ACTIVITY -> Please return only the lines from the one with "A késői ebéd" through the final line of the data, unchanged, with pictures omitted.

SUPPLIED INFORMATION ->
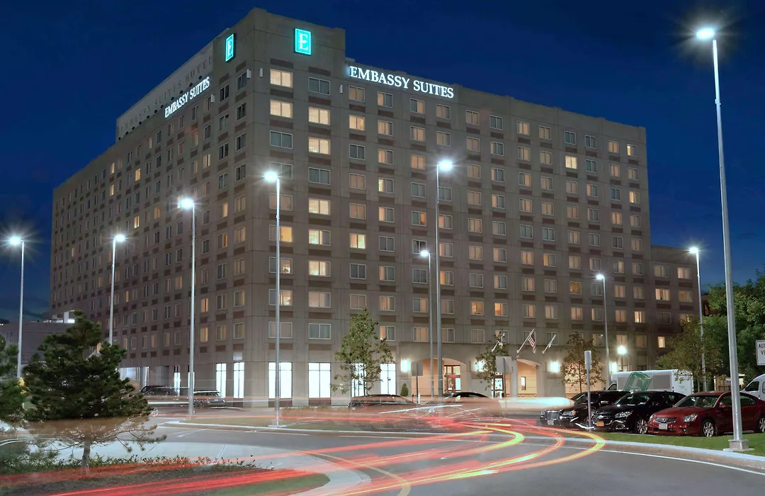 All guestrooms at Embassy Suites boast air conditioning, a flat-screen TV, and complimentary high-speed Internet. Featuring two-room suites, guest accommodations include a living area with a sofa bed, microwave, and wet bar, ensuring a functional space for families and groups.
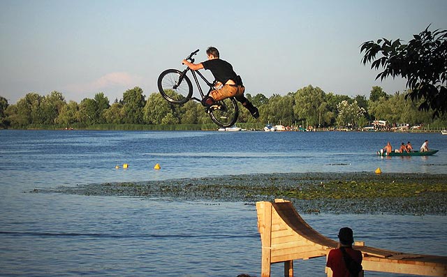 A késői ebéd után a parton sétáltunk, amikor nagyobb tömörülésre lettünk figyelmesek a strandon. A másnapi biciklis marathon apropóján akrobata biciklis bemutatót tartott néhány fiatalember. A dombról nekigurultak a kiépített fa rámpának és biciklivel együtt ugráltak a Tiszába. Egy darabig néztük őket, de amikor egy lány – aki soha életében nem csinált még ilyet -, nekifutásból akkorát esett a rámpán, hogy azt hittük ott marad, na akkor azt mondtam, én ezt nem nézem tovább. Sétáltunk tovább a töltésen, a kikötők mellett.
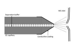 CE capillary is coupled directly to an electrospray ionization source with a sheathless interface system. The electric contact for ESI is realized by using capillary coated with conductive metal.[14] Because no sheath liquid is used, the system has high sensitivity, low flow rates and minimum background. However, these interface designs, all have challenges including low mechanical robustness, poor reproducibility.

YOUR SOLUTION ->
 A késői ebéd után a parton sétáltunk, amikor nagyobb tömörülésre lettünk figyelmesek a strandon. A másnapi biciklis marathon apropóján akrobata biciklis bemutatót tartott néhány fiatalember. A dombról nekigurultak a kiépített fa rámpának és biciklivel együtt ugráltak a Tiszába. Egy darabig néztük őket, de amikor egy lány – aki soha életében nem csinált még ilyet -, nekifutásból akkorát esett a rámpán, hogy azt hittük ott marad, na akkor azt mondtam, én ezt nem nézem tovább. Sétáltunk tovább a töltésen, a kikötők mellett.
 CE capillary is coupled directly to an electrospray ionization source with a sheathless interface system. The electric contact for ESI is realized by using capillary coated with conductive metal.[14] Because no sheath liquid is used, the system has high sensitivity, low flow rates and minimum background. However, these interface designs, all have challenges including low mechanical robustness, poor reproducibility.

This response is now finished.